Точно это ей я принес букет альпийских роз.
XXVI
Вильгельмовская гимназия, которую посещали королевские пажи, слыла самым аристократическим учебным заведением Мюнхена. Отец решил втиснуть меня в эту гимназию, – он так и выразился «втиснуть», – чтобы я отучился от своих плохих манер и привык к светскому обществу.
К плохим манерам относилось и мое злорадство по поводу проделки капитана из Кёпеника. Сапожник, по фамилии Фогт, вырядившись в форму капитана, умудрился занять кёпеникскую ратушу и самым бесцеремонным образом натянуть нос государству.
– Ничего смешного тут нет, – сказал отец, – наоборот, это очень грустно, такие выходки подрывают авторитет государства! В иных случаях подобная история может принести гораздо больший вред, чем любая подстрекательская речь Бебеля в рейхстаге.
Однако, когда собралось трио, майор Боннэ стал на другую точку зрения; он всегда считал смехотворной прусскую выправку; по его мнению, баварцы были лучшими солдатами. Шутя, он предложил отцу послать кёпеникскому капитану поздравительную телеграмму.
– Прискорбно, в высшей степени прискорбно! – пожаловался потом маме отец. – Я просто отказываюсь понять майора! Говорить такие вещи в присутствии подростка… Уж если признанные носители государственного авторитета… Следует ли удивляться, что наши дети испорчены?
С этих пор трио собиралось уже не так регулярно. Отец не раз потом принимался просвещать меня насчет опасности, какую представляет для государства позорная проделка кёпеникского капитана, и рисовал передо мной страшные картины того государства будущего, к которому стремятся люди гартингерской породы.

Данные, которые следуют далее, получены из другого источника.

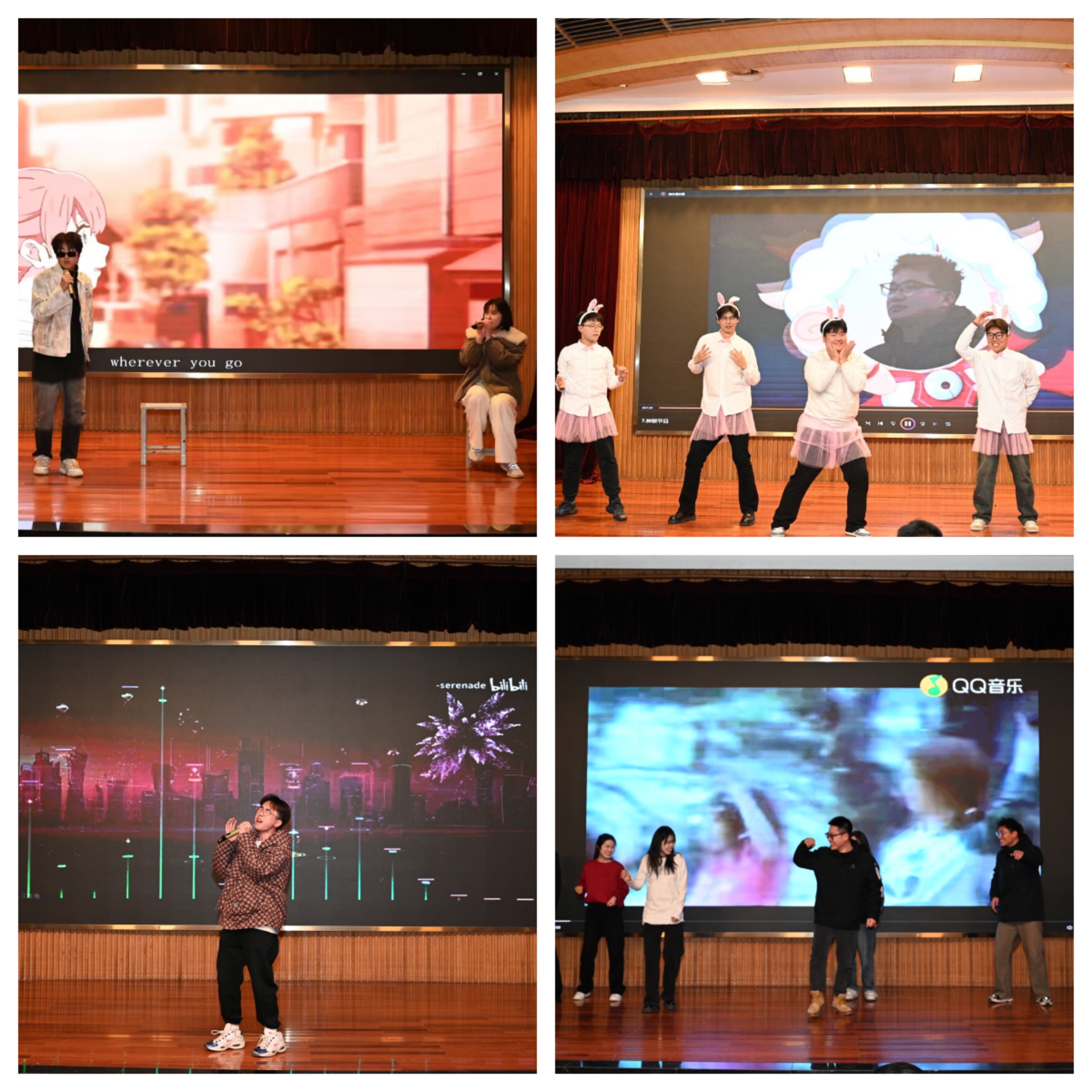 本次晚会的节目“百花齐放”,既有独具创意的舞蹈、歌曲,又有富有教育意义的相声,其中还包含了神秘节目和趣味活动,展现了同学们在艺术方面的多重才华。晚会开场便迎来了舞蹈类节目的亮相。双人舞、独舞相继上场,街舞和民族舞的结合,为晚会增添了不少活力。随后便是独唱、合唱、歌伴舞等让人目不暇接。在此让人惊喜的是由后勤保卫处处长陈宏波和团委副魏兴彪献唱歌曲的《海阔天空》,它讲述了坚守理想的故事,传递出积极向上的力量,为晚会增添了几分温暖与感动。汽车与机电工程系党支部书记、副主任朱翔为大家献唱的《你是我的眼》更是让人眼前一亮,不经意间拉近了于同学们的距离。相声《辞旧迎新》通过幽默风趣的情节,展示了同学们在日常学习中的状态,提醒同学们新的一年要再接再厉,对学习要富有激情,展现了正能量与校园和谐的氛围,带给同学们深刻的思考与共鸣。演员们与观众的互动更让整场晚会的气氛迅速升温,赢得了观众们的热烈掌声。其中最让人惊喜的是师生互动环节,通过撒糖、投壶和充满青春活力的神秘活动,不仅增进了师生之间的互动与默契,更展现出风趣、幽默的画风,拉近了师生之间的距离,也让晚会充满了快乐与温馨。今朝此地,歌声悠扬,身姿舞动。每一个节目都是同学们用心血与汗水浇灌的果实,每一个瞬间都将成为他们成长道路上宝贵的回忆。随着一个个节目的推进,台下掌声雷动,欢呼声不断,大家都沉浸在精彩的节目之中。晚会最后,系学生会全体成员一起表演了节目《我的未来式》,寓意同学们在新的一年,在追梦的道路上勇往直前,迎接更灿烂的未来。

– Тут не до шуток, отец, верно? – говорил я деланным голосом. – Ну что, например, если бы какой-нибудь преступник, переодетый жандармом, арестовал тебя, а другой преступник, в судейской мантии…
– Тш! Тш! – Отец в ужасе закрыл мне рот рукой. – Даже думать о таких вещах не смей… Ты и представления не имеешь, как это опасно…
Отныне я сам себе казался опаснейшим субъектом, я придумывал самые невероятные переодевания; больше того, меня взяло сомнение, носит ли каждый человек свое настоящее платье. Теперь по моей прихоти люди менялись платьем, и я находил, что многим их новое платье гораздо больше к лицу; так, старика Гартингера я переодел кайзером, и в таком виде он у меня путешествовал по всему свету. Сидя за столом, я вдруг прыскал со смеху: вот старик Гартингер принимает парад и размахивает перед моим носом маршальским жезлом.
– Ну что это опять за шутовство? – раздражался отец, отрываясь от рулета.
– Ешь, ешь, не обращай на него внимания. Глупости все! Одни глупости! – Мама вздыхала и дергала меня за рукав: – Ступай в свою комнату и смейся там! Не порти отцу аппетит!
Величайшее благоговение, с каким я до сих пор относился к военному мундиру и погонам, уступило место легкой иронической усмешке, и даже игра в войну на некоторое время опротивела мне из-за «озорной проделки» сапожника Фогта.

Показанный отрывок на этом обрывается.